Cerevance's CVN058 Achieves Primary Endpoint in Phase Ib Schizophrenia Cognition Study
BOSTON, Nov. 16, 2020 (GLOBE NEWSWIRE) -- Cerevance, a private drug discovery and development company focused on brain diseases, today announced positive results from a Phase 1b clinical trial evaluating the company’s oral compound, CVN058, in a biomarker study evaluating its potential as a treatment for cognitive impairment associated with schizophrenia (CIAS).
“A single dose of CVN058 elicited a statistically significant improvement in mismatch negativity (MMN), an auditory evoked potential generated in the cerebral cortex that is typically impaired in schizophrenics,” noted David H. Margolin, M.D., Ph.D., senior vice president of clinical and translational medicine at Cerevance. “The normalization of MMN brainwaves, a biomarker of cortical dysfunction, leads us to believe our approach can potentially improve diverse aspects of cognition in schizophrenic patients.”

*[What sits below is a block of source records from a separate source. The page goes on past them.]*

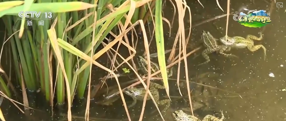 小鸭子们喜欢吃稻谷,它们会不会把稻田里的谷子也吃掉?为了防止这样的情况发生,这里采用的模式是“鸭蛙稻”模式,5月放鸭、7月放蛙,在水稻进入抽穗期,也就是有稻谷的时候,15万只小青蛙就会来接力管理这片农田,由它们来捕食害虫,替代杀虫剂。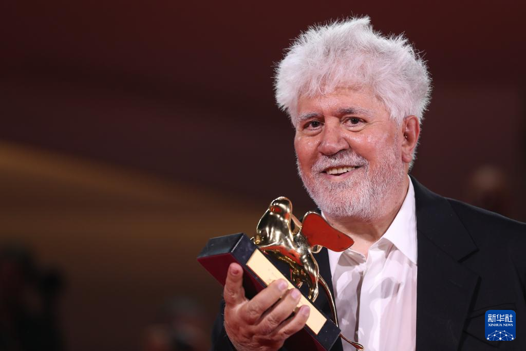 9月7日,在意大利威尼斯,凭借影片《隔壁房间》获得最佳影片金狮奖的西班牙导演佩德罗·阿莫多瓦与金狮奖杯合影。 第81届威尼斯国际电影节7日晚在意大利威尼斯落下帷幕,西班牙导演佩德罗·阿莫多瓦的作品《隔壁房间》获得最佳影片金狮奖。此外,美国导演布雷迪·科比特凭借作品《野兽派》获得最佳导演奖,意大利电影《韦尔米利奥》获得评审团大奖,巴西和法国合拍影片《我仍在此》获得最佳编剧奖等。 新华社记者 李京 摄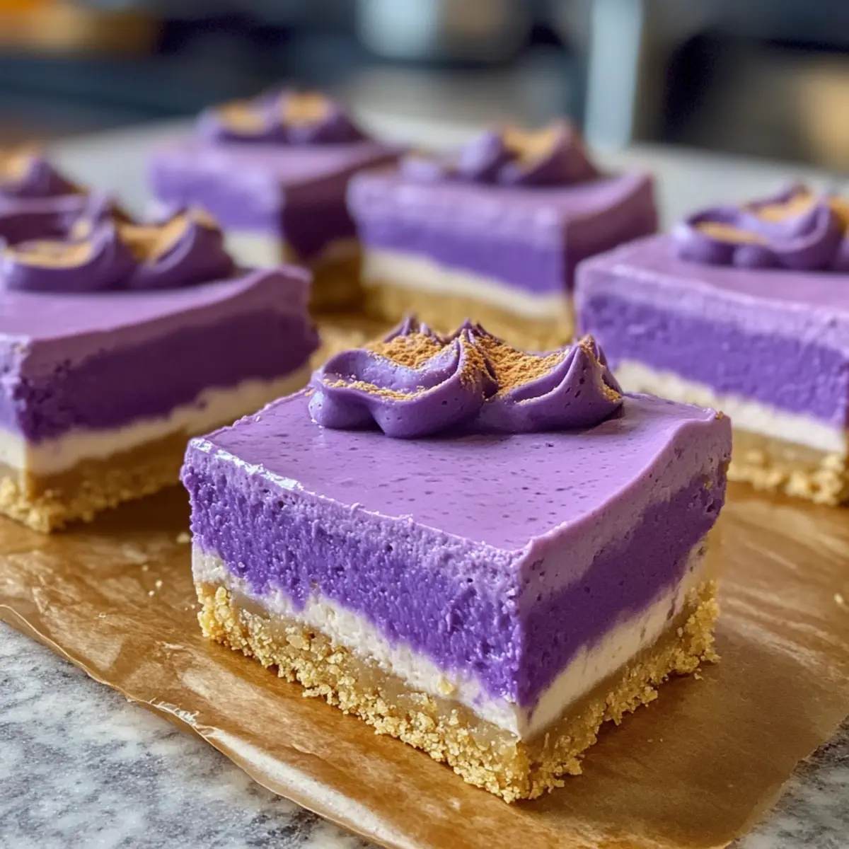 Ube Käsekuchen Riegel für einen süßen Genuss

CVN058 is a novel, brain-penetrant, small-molecule antagonist of the type 3 receptor for serotonin, an important neurotransmitter. The Phase 1b, double-blind, placebo-controlled, three-period cross-over study evaluated CVN058 target engagement in the cerebral cortex by measuring mismatch negativity (MMN) as a pharmacodynamic marker.
Nineteen male and female subjects with schizophrenia or schizoaffective disorder, aged 18 to 50 years old, received a single oral dose of CVN058 (low-dose, 15 mg or 75 mg; high-dose, 150 mg) or matching placebo at each study visit. MMN and other cortical biomarkers were recorded in the hours after dosing. The sequence in which a subject took each f the three regimens was randomized, with a minimum of a seven-day washout between doses. These treatments had no serious or severe adverse effects.

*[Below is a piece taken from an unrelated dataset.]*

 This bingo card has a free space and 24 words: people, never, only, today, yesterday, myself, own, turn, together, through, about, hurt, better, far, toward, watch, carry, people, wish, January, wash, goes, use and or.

The number of diagnosed prevalent cases of schizophrenia with comorbid cognitive impairment is expected to exceed 4 million in the seven major pharmaceutical markets in 2022. Cognitive impairment associated with schizophrenia (CIAS)—which may include deficits in attention, working memory and executive function—has a negative impact on patients’ quality of life and ability to function. Although cognitive symptoms in schizophrenia are well characterized, no formal diagnostic criteria exist. Furthermore, no pharmacological agents are approved to treat the condition, and no marketed therapy tested to date has established clear, meaningful efficacy, which underscores the difficulty of drug development in this arena and accentuates the need for proven treatment options.

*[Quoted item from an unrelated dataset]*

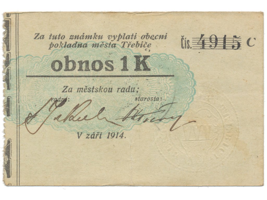 Třebíč - město, 1 K září 1914, silnější K, HH.223.5.10k1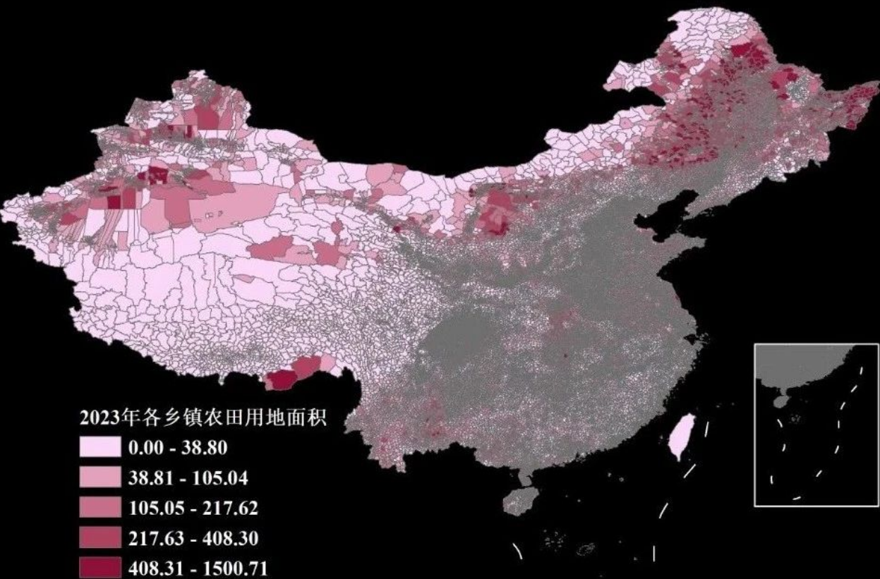 每个Shp文件汇总年度各类土地覆盖面积,数据字段包括9种用地面积,分别为农田(Cropland)、森林(Forest)、草原(Grassland)、水域(Water)、裸地(Barren)、不透水面(Impervious)、灌木(Shurb)、湿地(Waterland)、冰雪(Snow_Ice)。我们以2023年的农田数据为例来预览一下各对于乡镇行政区划数据,该数据较难获取,我们综合对比后,采用的学研录公众号分享的乡镇边界数据的数据:

“The cognitive impairment experienced by many patients with schizophrenia desperately needs an effective treatment,” said Daniel C. Javitt, M.D., Ph.D., lead investigator and a world-renowned researcher in the study of schizophrenia and cognition. Dr. Javitt directs the Schizophrenia Research Program at the Nathan S. Kline Institute for Psychiatric Research and is also Professor and Director of the Division of Experimental Therapeutics in the Department of Psychiatry and Neuroscience at Columbia University College of Physicians and Surgeons. “We are very encouraged by CVN058’s results in our MMN translational study and look forward to confirming its potential cognitive benefits in future clinical trials.”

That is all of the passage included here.